PROBLEM TO WORK ON
Pictures aside, the data must be reproduced exactly.

DATA SEGMENT
———

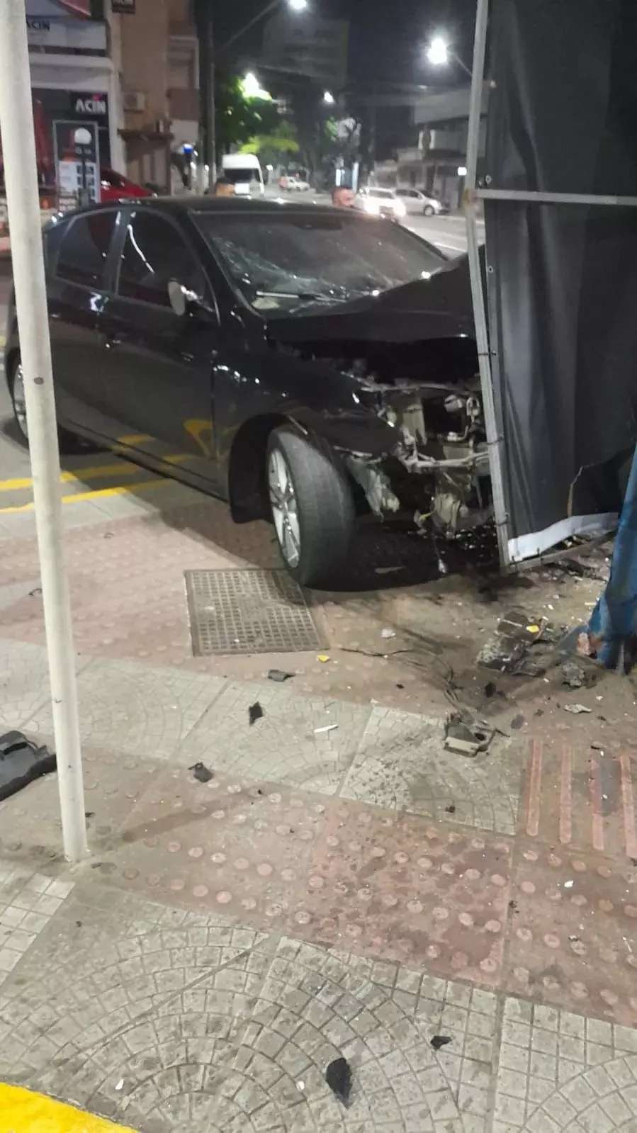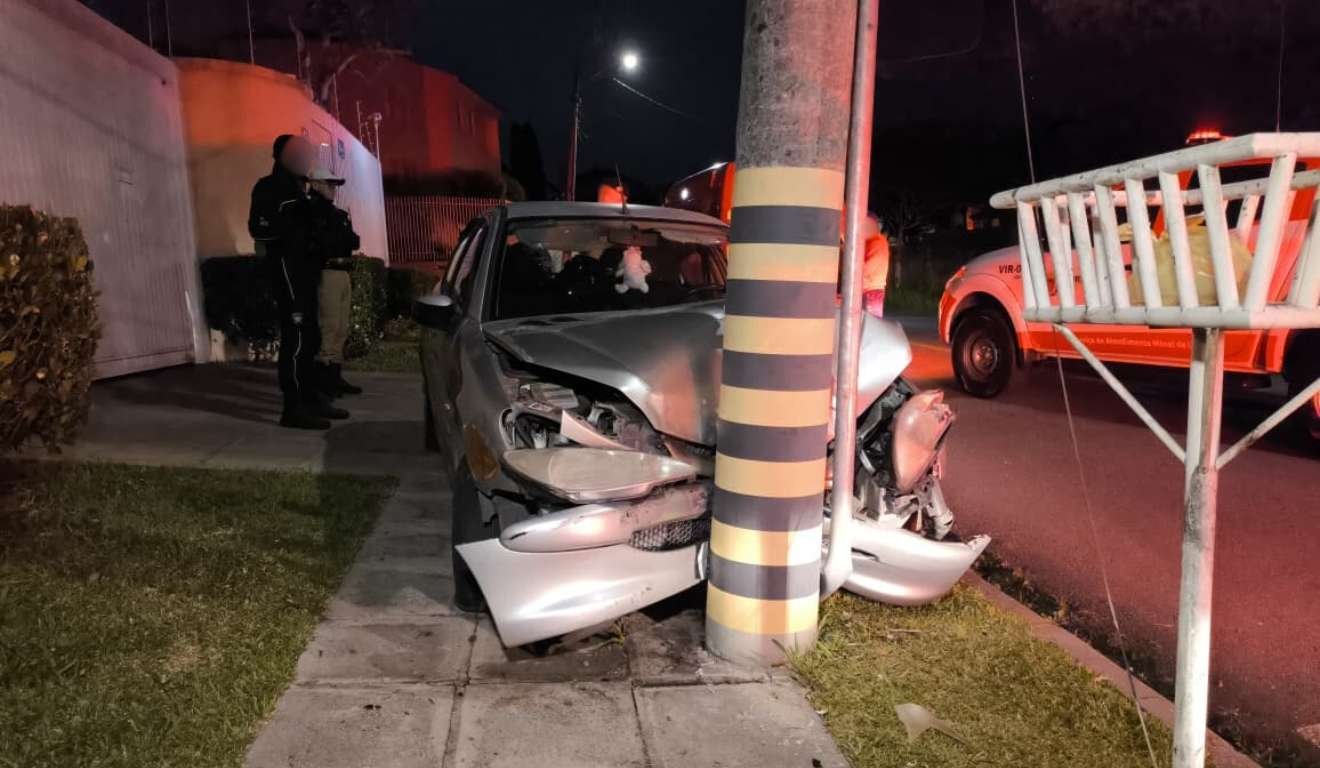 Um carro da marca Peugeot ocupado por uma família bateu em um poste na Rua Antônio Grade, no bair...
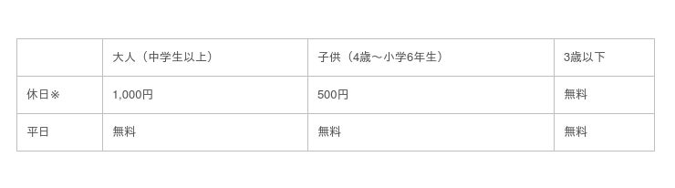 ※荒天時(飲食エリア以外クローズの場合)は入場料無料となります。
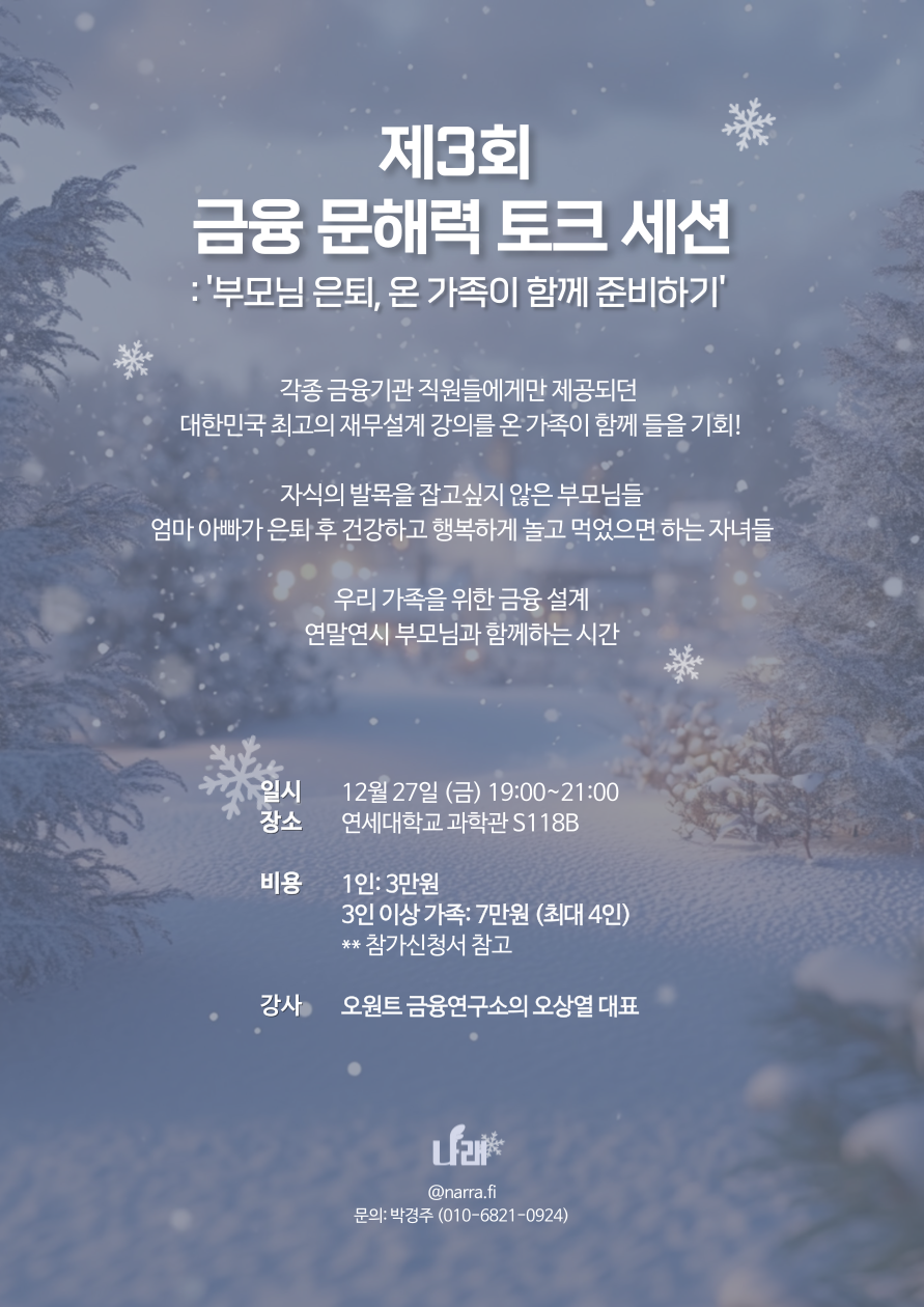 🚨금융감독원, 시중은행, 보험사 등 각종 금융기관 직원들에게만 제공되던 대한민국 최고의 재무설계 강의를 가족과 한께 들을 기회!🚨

———

WRITTEN SOLUTION
 Um carro da marca Peugeot ocupado por uma família bateu em um poste na Rua Antônio Grade, no bair...
 ※荒天時(飲食エリア以外クローズの場合)は入場料無料となります。
 🚨금융감독원, 시중은행, 보험사 등 각종 금융기관 직원들에게만 제공되던 대한민국 최고의 재무설계 강의를 가족과 한께 들을 기회!🚨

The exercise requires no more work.